Internet exchanges: decision by the Federal Supreme Court

The Federal Supreme Court ordered Logistep to halt all copyright-related data processing activities and banned it from forwarding any data already collected to copyright holders. In so doing, it has sent out a strong signal that it opposes all attempts by private individuals, and not just in the copyright sector, to take on certain tasks that must remain the prerogative of the State.

Acting on behalf of rights holders, Logistep had been collecting the IP addresses of users who were using Peer-to-Peer networks in order to exchange what was purported to be illegal uploads of copyrighted material, such as video and music files. Once they were in possession of the IP addresses, rights holders filed criminal charges which allowed them to identify the persons involved and to claim damages from them. According to our assessment, the data processing was carried out without the knowledge of the persons concerned, thereby infringing the principle of purpose limitation. Moreover, no legal justification had been provided. At the beginning of 2008 we recommended that Logistep end its searches in Peer-to-Peer networks until the legislator had created an appropriate legal basis (cf. the German or French version of our 15th Report on Activities 2007/2008, Section 1.3.1).

Logistep rejected our recommendation, as a result of which we filed a complaint with the Federal Administrative Court (FAC). The FAC rejected the complaint in its decision of 27 May 2009, holding that the interests of rights holders had priority over the interests of P2P users (cf. the German or French version of our 16th Report on Activities 2008/2009, Section 1.3.1). We then filed an appeal against this decision with the Federal Supreme Court. The latter overturned the decision of the first instance and endorsed our position. It instructed Logistep to halt all copyright-related data processing activities and banned it from forwarding any data it had already collected to rights holders. The link to the Court's decision of 8 September 2010 can be found (in German) on our website at www.derbeauftragte.ch under Documentation - Data protection - Appeals.

The ruling by Switzerland's highest court will have repercussions that go far beyond the immediate case at hand. In the grounds for its decision, the Court held that:

  • In the case of a data transfer, if the recipient is able to identify the person concerned, the data shall be considered personal. If personal data are involved, the Data Protection Act must apply to all processing activities involving this data.

  • In the abstract, it is impossible to determine whether IP addresses, in particular dynamic ones, involve personal data or not. However, IP addresses are considered to be personal data if, based on common experience, third parties who are interested in identifying the individual user can be expected to undertake the effort to make such identification. This was certainly true in the case of Logistep, since its entire business model was premised on the identification of the individual user.

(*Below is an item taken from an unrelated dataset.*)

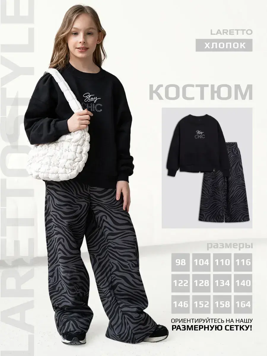 Костюм для девочек — идеальное сочетание стиля и комфорта. Это - уникальная коллекция от LARETTO. Детский костюм состоит из уютного свитшота для девочек и брюк на резинке. Каждый элемент костюма для девочек создан с заботой о маленьких модницах, предпочитающих активный образ жизни.

  • In processing the data it had collected, Logistep had violated the principles of purpose limitation and transparency. The issue to be decided was whether the company had provided any legal justification for its actions. In the court's opinion, a strictly systematic interpretation according to which a legal justification can only be invoked for the cases covered by paragraphs b) and c), but not a) of Article 12.2 of the Data Protection Act is not admissible, for even though the current version of sub-paragraph a) no longer refers to justificatory grounds, it does not explicitly exclude them either. The provision must therefore be interpreted in such a way that a justification for the processing of personal data in violation of the principles set out in Article 4, Article 5 paragraph 1 and Article 7 paragraph 1 of the FADP cannot as a general rule be excluded; however in this specific case, justificatory grounds may only be accepted with the greatest restraint.

  • A recommendation issued by the FDPIC aims at defending a multitude of individuals and therefore is in the public interest. This interpretation of the FDPIC's recommendations must be borne in mind when weighing up the different interests at stake in accordance with Article 13 paragraph 1 of the FADP. This is important in that a recommendation - and in particular a recommendation that is endorsed by a court of law - has an indirect effect on all individuals who apply similar methods.

  • Logistep was pursuing an economic interest in that it employed dedicated software in order to search P2P networks for copyrighted material and store user data. From a general perspective, i.e. going beyond the specific case at hand, the lack of a statutory framework creates uncertainty in terms of the type and scope of the collection and subsequent processing of data obtained from the Internet. An issue of particular concern is the fact that the storage and possible use of data outside of normal court proceedings has not been clearly defined. Even the general interest in effectively combatting copyright infringement does not counterbalance the effects of far-reaching breaches of privacy and the uncertainties surrounding the controversial methods used for data processing on the Internet.

  • The Supreme Court made it clear that it did not consider that data protection must always take precedence over copyright protection. In its opinion, it is the task of the legislator, and not the judge, to ensure that the appropriate steps are taken to guarantee copyright protection when works are distributed via the new technologies.

  • What the Supreme Court did not address was whether the law enforcement agencies are authorized to use the data collected by Logistep or not.